_INSTRUCTIONS TO FOLLOW_
Write the data out again exactly, with no pictures.

_DATASET SECTION_

•••

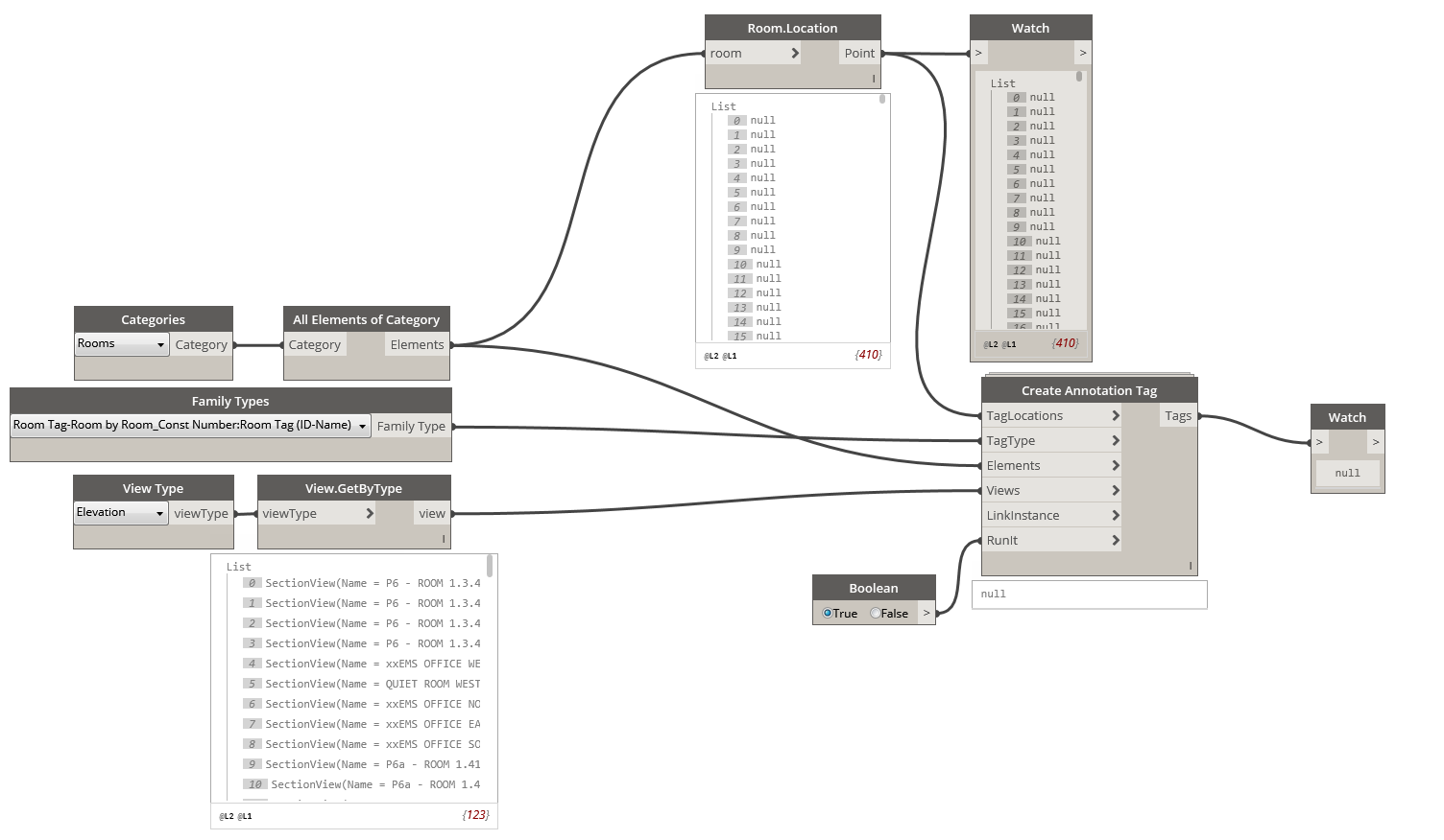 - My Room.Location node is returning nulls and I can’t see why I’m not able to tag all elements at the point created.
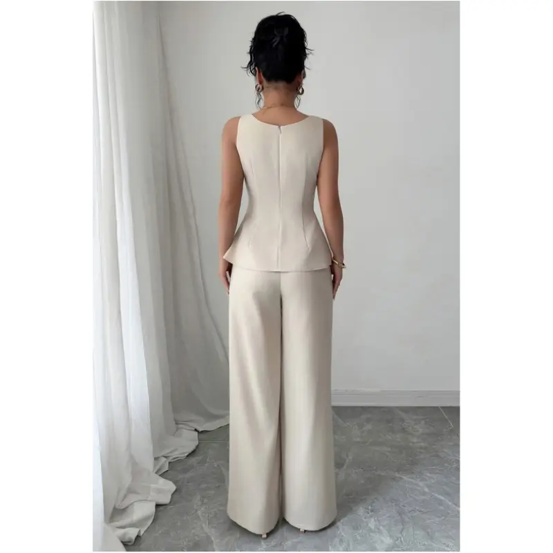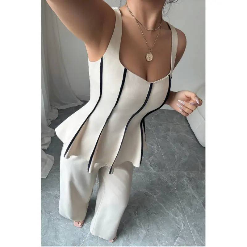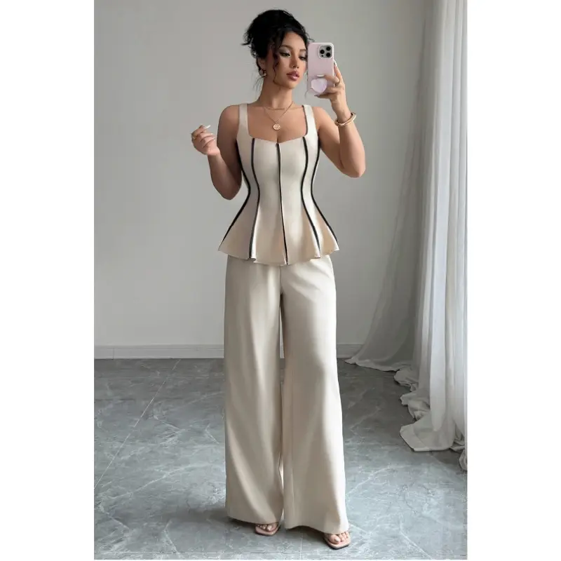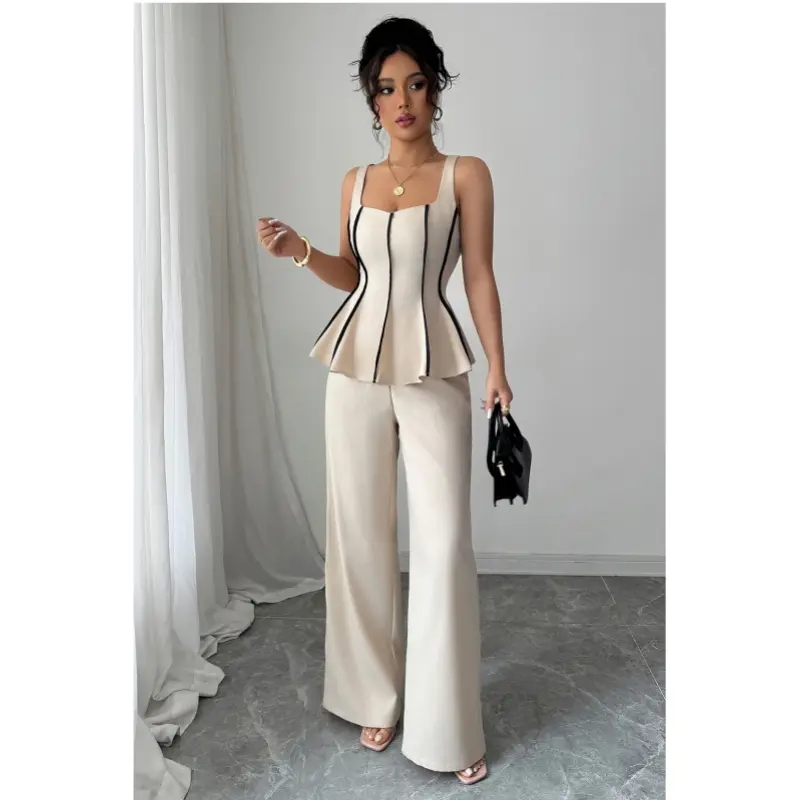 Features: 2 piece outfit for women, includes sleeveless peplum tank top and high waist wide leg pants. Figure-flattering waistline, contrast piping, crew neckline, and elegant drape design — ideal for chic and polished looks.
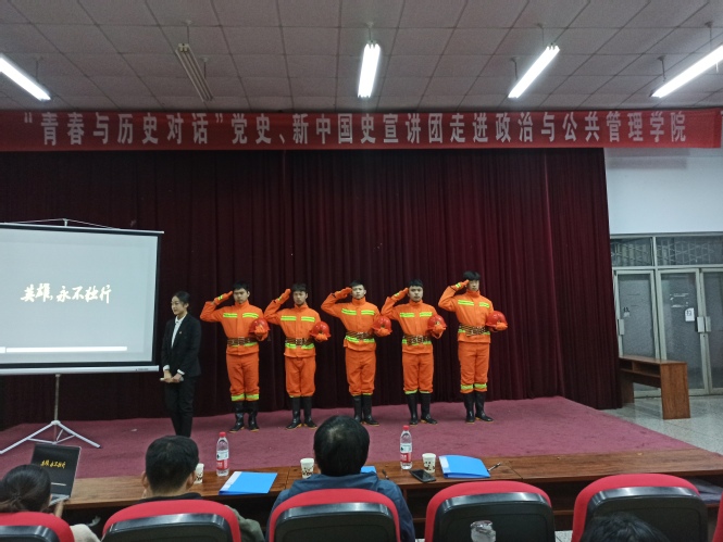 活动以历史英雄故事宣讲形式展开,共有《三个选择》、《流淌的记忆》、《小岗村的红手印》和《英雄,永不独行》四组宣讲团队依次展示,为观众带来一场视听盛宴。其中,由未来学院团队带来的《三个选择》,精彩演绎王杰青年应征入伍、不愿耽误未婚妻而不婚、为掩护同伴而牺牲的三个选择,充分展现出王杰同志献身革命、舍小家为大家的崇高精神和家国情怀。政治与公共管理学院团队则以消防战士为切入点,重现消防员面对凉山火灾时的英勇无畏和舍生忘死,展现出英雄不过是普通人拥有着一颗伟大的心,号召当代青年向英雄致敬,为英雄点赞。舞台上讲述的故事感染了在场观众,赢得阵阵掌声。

•••

_REPLY_
 - My Room.Location node is returning nulls and I can’t see why I’m not able to tag all elements at the point created.
 Features: 2 piece outfit for women, includes sleeveless peplum tank top and high waist wide leg pants. Figure-flattering waistline, contrast piping, crew neckline, and elegant drape design — ideal for chic and polished looks.
 活动以历史英雄故事宣讲形式展开,共有《三个选择》、《流淌的记忆》、《小岗村的红手印》和《英雄,永不独行》四组宣讲团队依次展示,为观众带来一场视听盛宴。其中,由未来学院团队带来的《三个选择》,精彩演绎王杰青年应征入伍、不愿耽误未婚妻而不婚、为掩护同伴而牺牲的三个选择,充分展现出王杰同志献身革命、舍小家为大家的崇高精神和家国情怀。政治与公共管理学院团队则以消防战士为切入点,重现消防员面对凉山火灾时的英勇无畏和舍生忘死,展现出英雄不过是普通人拥有着一颗伟大的心,号召当代青年向英雄致敬,为英雄点赞。舞台上讲述的故事感染了在场观众,赢得阵阵掌声。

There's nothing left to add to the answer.